WHAT YOU SHOULD DO
Beginning with the line that contains "2、你可以在游戏商店中购买道具,可以帮助你更好的打怪。" in the material below, print each line exactly until the line that contains "Девушка у информационного" has been printed, then stop.

DATA FOR PROCESSING
Content starts
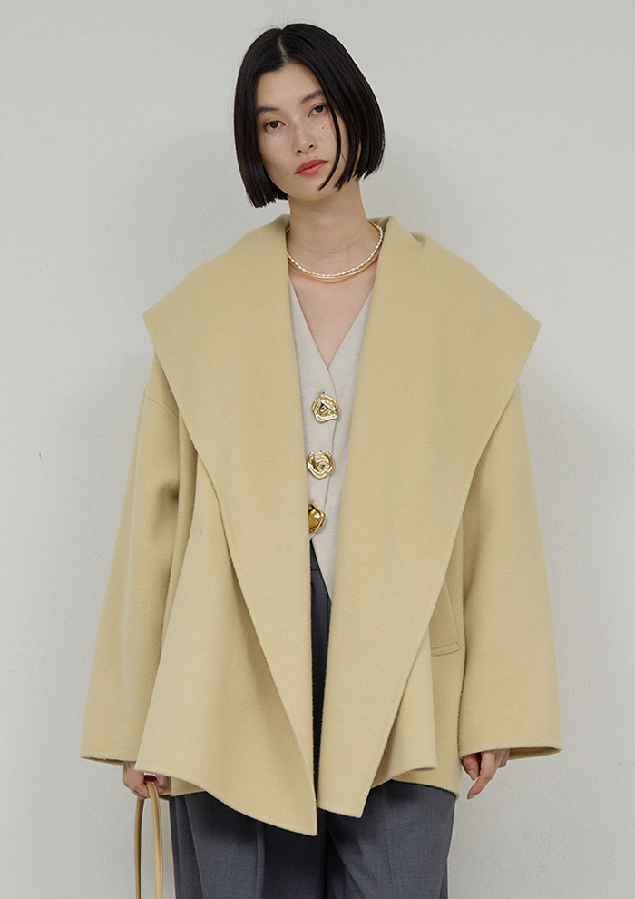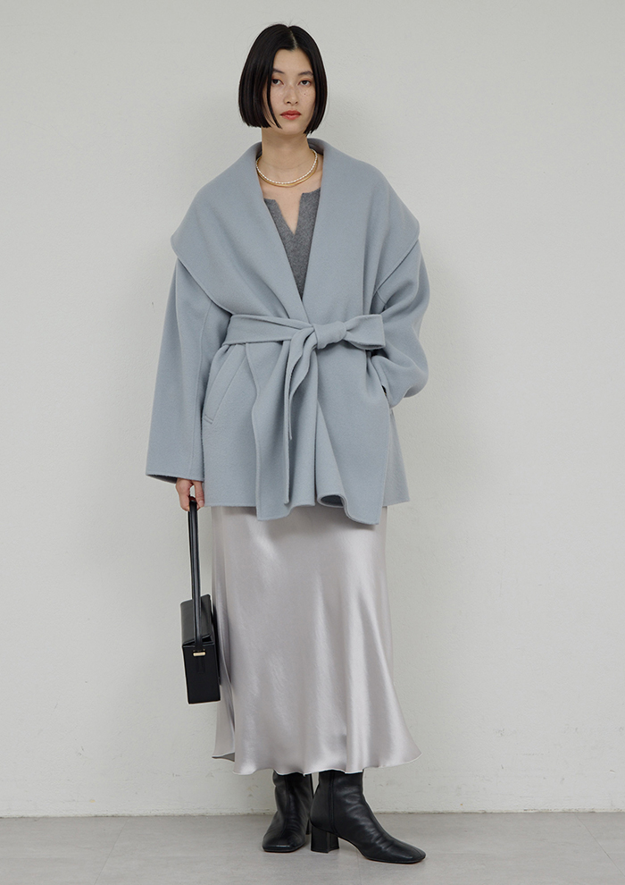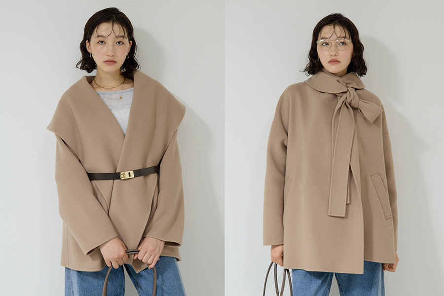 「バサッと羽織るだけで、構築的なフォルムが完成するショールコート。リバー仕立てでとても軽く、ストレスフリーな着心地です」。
Content ends
Content starts
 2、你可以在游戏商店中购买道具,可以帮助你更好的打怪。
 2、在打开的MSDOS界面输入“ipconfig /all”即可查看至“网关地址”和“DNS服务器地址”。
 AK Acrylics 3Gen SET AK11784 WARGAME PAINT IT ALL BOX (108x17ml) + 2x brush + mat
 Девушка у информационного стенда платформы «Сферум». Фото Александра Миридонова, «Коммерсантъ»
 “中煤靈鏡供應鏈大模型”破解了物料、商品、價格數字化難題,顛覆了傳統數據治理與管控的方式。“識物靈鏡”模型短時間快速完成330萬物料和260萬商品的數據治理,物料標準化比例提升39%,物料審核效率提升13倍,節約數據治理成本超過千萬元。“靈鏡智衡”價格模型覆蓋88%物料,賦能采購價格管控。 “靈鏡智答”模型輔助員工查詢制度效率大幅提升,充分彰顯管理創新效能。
Content ends
RESULT FOR THIS EXERCISE
 2、你可以在游戏商店中购买道具,可以帮助你更好的打怪。
 2、在打开的MSDOS界面输入“ipconfig /all”即可查看至“网关地址”和“DNS服务器地址”。
 AK Acrylics 3Gen SET AK11784 WARGAME PAINT IT ALL BOX (108x17ml) + 2x brush + mat
 Девушка у информационного стенда платформы «Сферум». Фото Александра Миридонова, «Коммерсантъ»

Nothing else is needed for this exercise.